**ASSIGNED TASK**
Go to the line containing "Bu set, iç mekân" in the material below. From there to the end, retype every line exactly and drop the pictures.

**THE DATA**
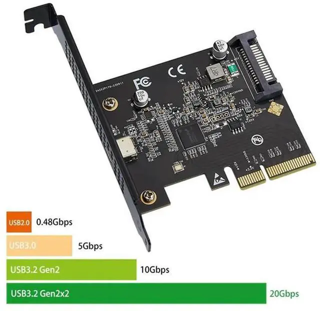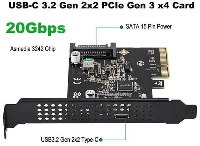 Expansion Card 3.2 Gen 2X2 PCI-E Gen 3 X4 20Gbps Asmedia ASM3242 Chipset With SATA 15 Pin Power
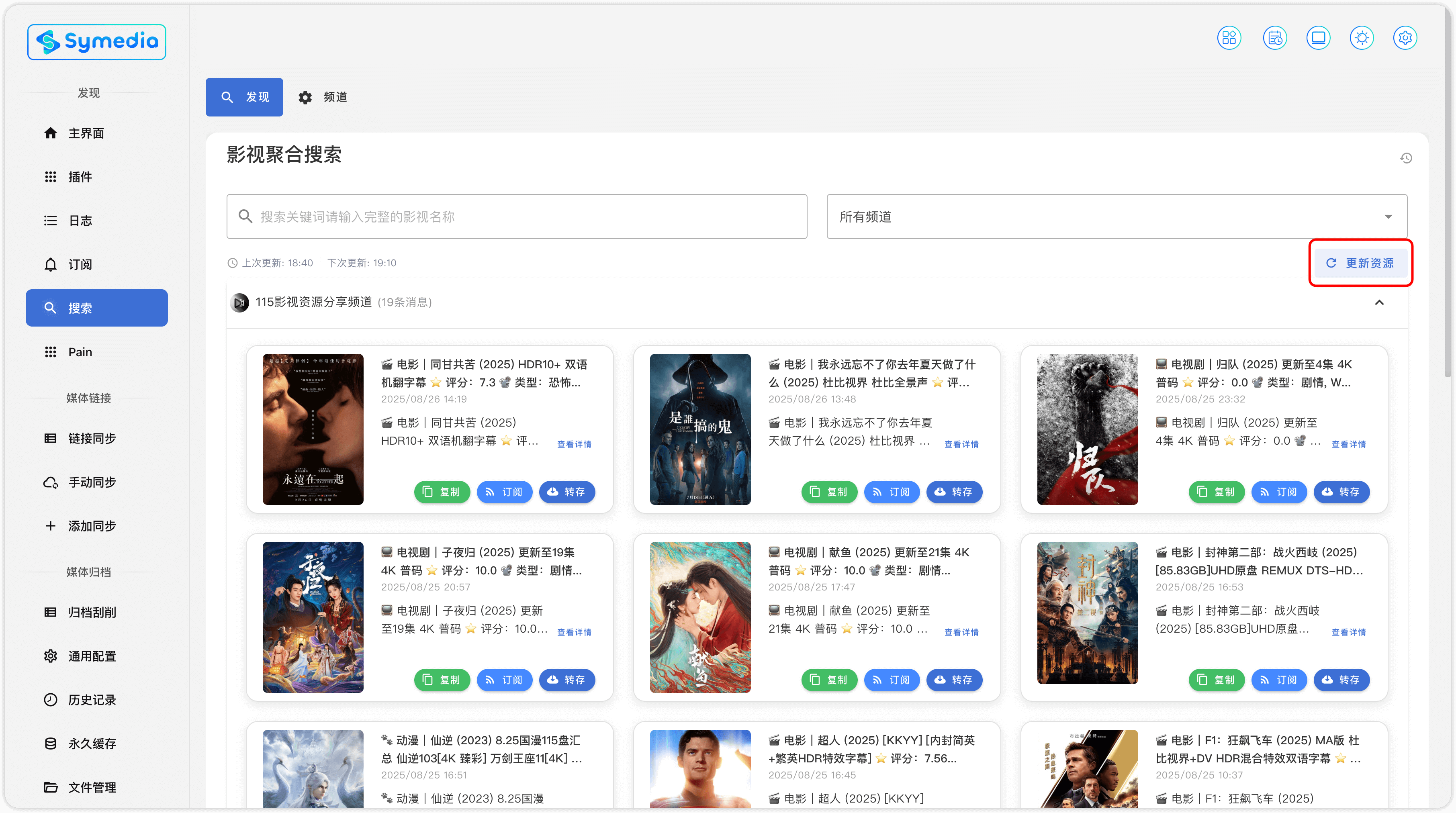 - 频道名称在第一次更新资源后,会自动更新为频道本身的名称,也可以手动修改为自己喜欢的名称
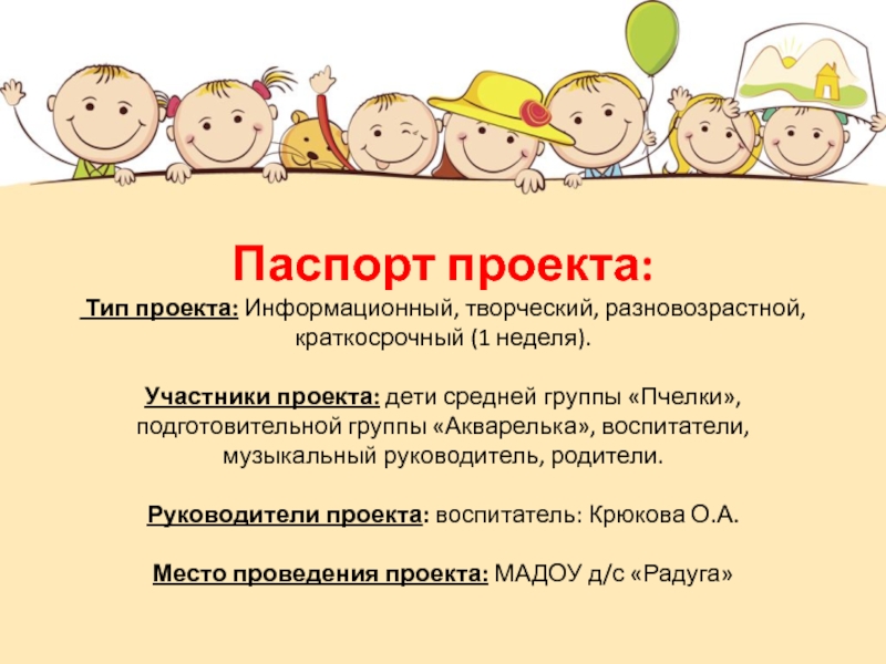 Тип проекта: Информационный, творческий, разновозрастной, краткосрочный (1 неделя).
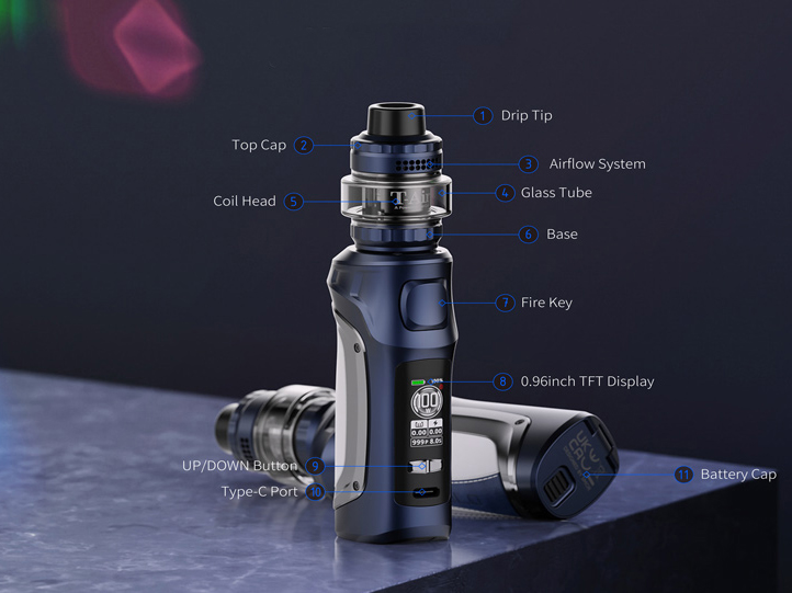 Мод располагает вариативным цветным интерфейсом, а также приличным диапазоном мощности от 5 до 100 ватт. В качестве источника питания требуется внешний аккумулятор одного из трех форматов — 21700, 20700 либо 18650, для последнего предусматривается адаптер. За зарядку и обновление прошивки платы отвечает USB Type-C. Доступное сопротивление варьируется в пределах от 0,1 до 2,5 Ом.
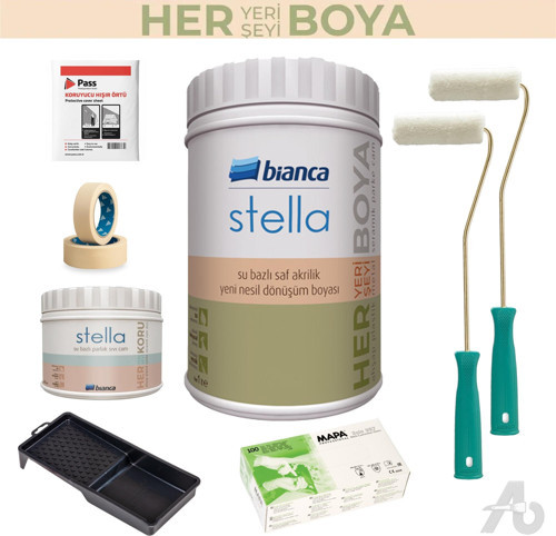 Bu set, iç mekân dolap ve mobilyaları boyayıp üzerine koruyucu vernik uygulamak isteyen kullanıcılar için hazırlanmıştır. Bianca Stella su bazlı saf akrilik boya, MDF, suntalam, masif ahşap ve mevcut boyalı yüzeylerde kapatıcı ve temizlenebilir bir yüzey oluşturur. Üst katmanda kullanılan Bianca Stella su bazlı parlak sıvı cam vernik ise boyayı suya, ev tipi temizlik kimyasallarına ve günlük kullanımdan kaynaklanan sürtünmeye karşı ek bir koruma tabakası ile destekler.
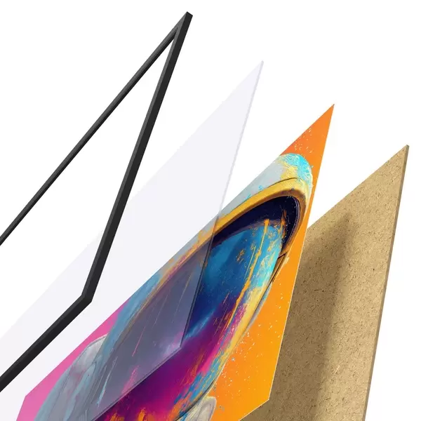 Plakatą sudaro rėmas, pleksiklas, atspausdintas vaizdas ir medžio drožlių plokštės pagrindas. Plakatą galima iš karto pakabinti ant sienos dėl kitoje pusėje esančių laikiklių.

**RESPONSE**
 Bu set, iç mekân dolap ve mobilyaları boyayıp üzerine koruyucu vernik uygulamak isteyen kullanıcılar için hazırlanmıştır. Bianca Stella su bazlı saf akrilik boya, MDF, suntalam, masif ahşap ve mevcut boyalı yüzeylerde kapatıcı ve temizlenebilir bir yüzey oluşturur. Üst katmanda kullanılan Bianca Stella su bazlı parlak sıvı cam vernik ise boyayı suya, ev tipi temizlik kimyasallarına ve günlük kullanımdan kaynaklanan sürtünmeye karşı ek bir koruma tabakası ile destekler.
 Plakatą sudaro rėmas, pleksiklas, atspausdintas vaizdas ir medžio drožlių plokštės pagrindas. Plakatą galima iš karto pakabinti ant sienos dėl kitoje pusėje esančių laikiklių.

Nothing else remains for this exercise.